Heartlands
- Theme: Mining and the Cornish diaspora
- Area: 19 acres (7.7 ha)
- Coordinates: 50°13′22″N 5°16′29″W﻿ / ﻿50.22273°N 5.27464°W
- Opened: 20 April 2012
- Closed: 28 February 2024

= Heartlands Cornwall =

Heartlands Cornwall, often known simply as Heartlands, was a World Heritage Site Gateway and visitor attraction in Pool, Cornwall, England, UK. It was dubbed as Cornwall's first free cultural playground. It was developed at South Crofty's Robinson Shaft and spread over 19 acres in the former mining heart of Cornwall.

The project was funded by the National Lottery and was opened on 20 April 2012 after 14 years of planning.

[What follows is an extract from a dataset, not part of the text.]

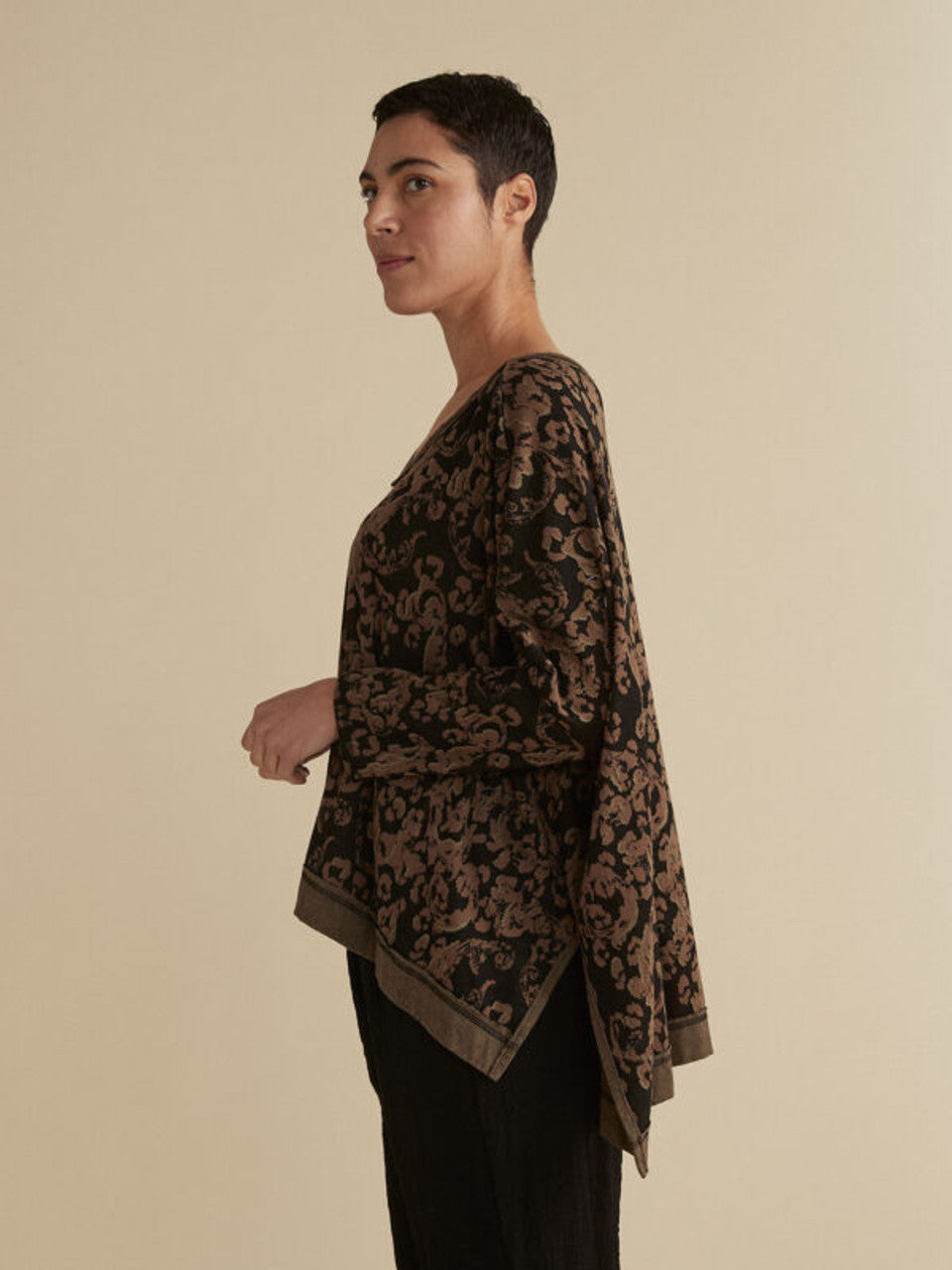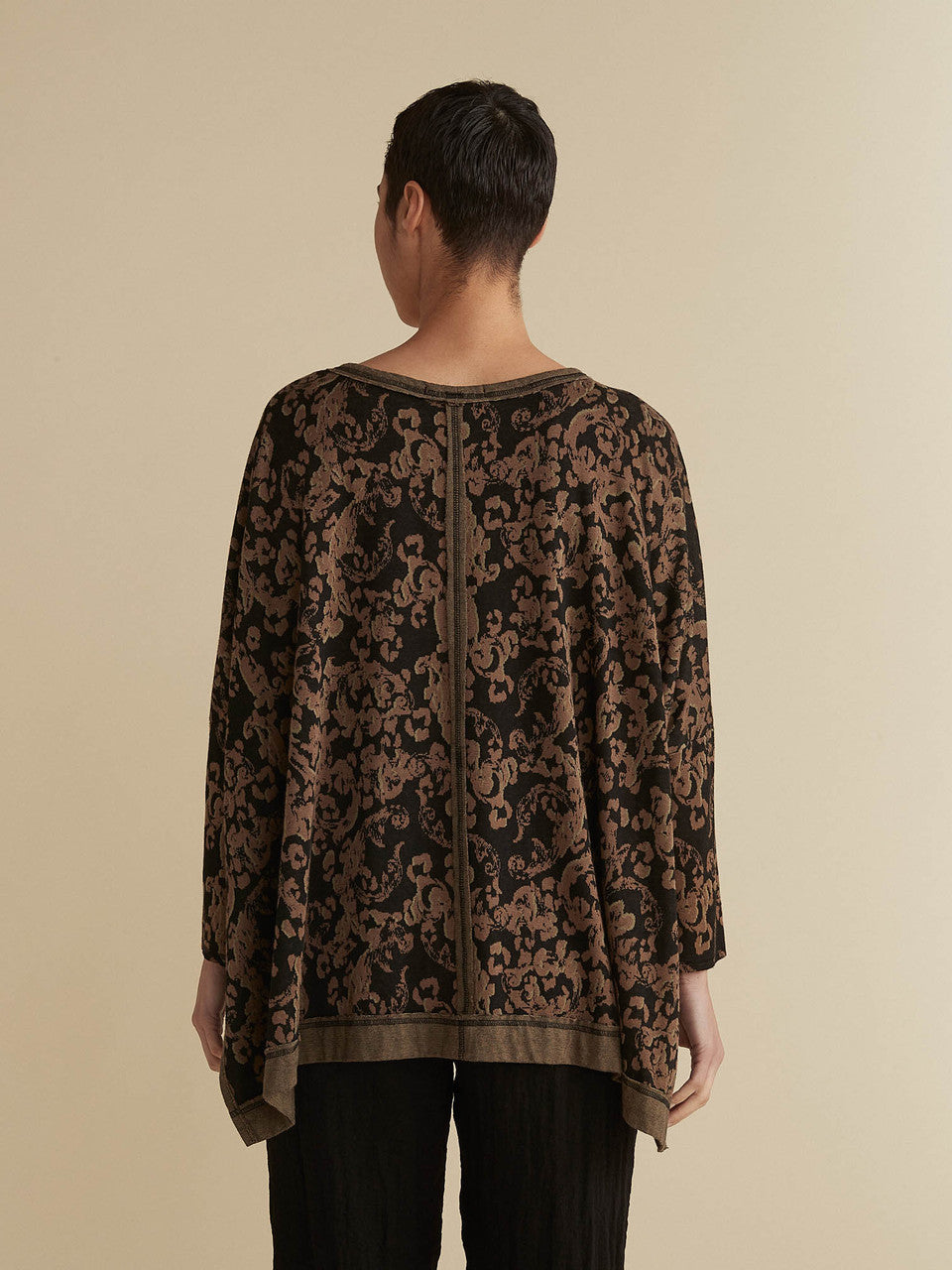 Cut Loose - your "go-to" pieces! A returning fabric and design! This floral jacquard OS deep V tee features a v-neck, long sleeves and a hi-low hem with side slits. Made from viscose stretch, this piece is mid-weight, soft and comfortable. Love this look for fall!

In 2014 the project came close to closure and was forced to reorganise its business plan and reduce its paid staff as a consequence of low visitor numbers and income.

On 5th January 2024, the park announced its closure because of financial difficulties.

The museum, soft play centre, conference centre and café closed the next month but the independent shops remain open as of 25th April 2024.

The Heartlands Trust wound up on 24th April 2024 and sold its assets, The park is now in control of Cornwall Council.

==Parkrun ==
A parkrun takes place at Heartlands every Saturday.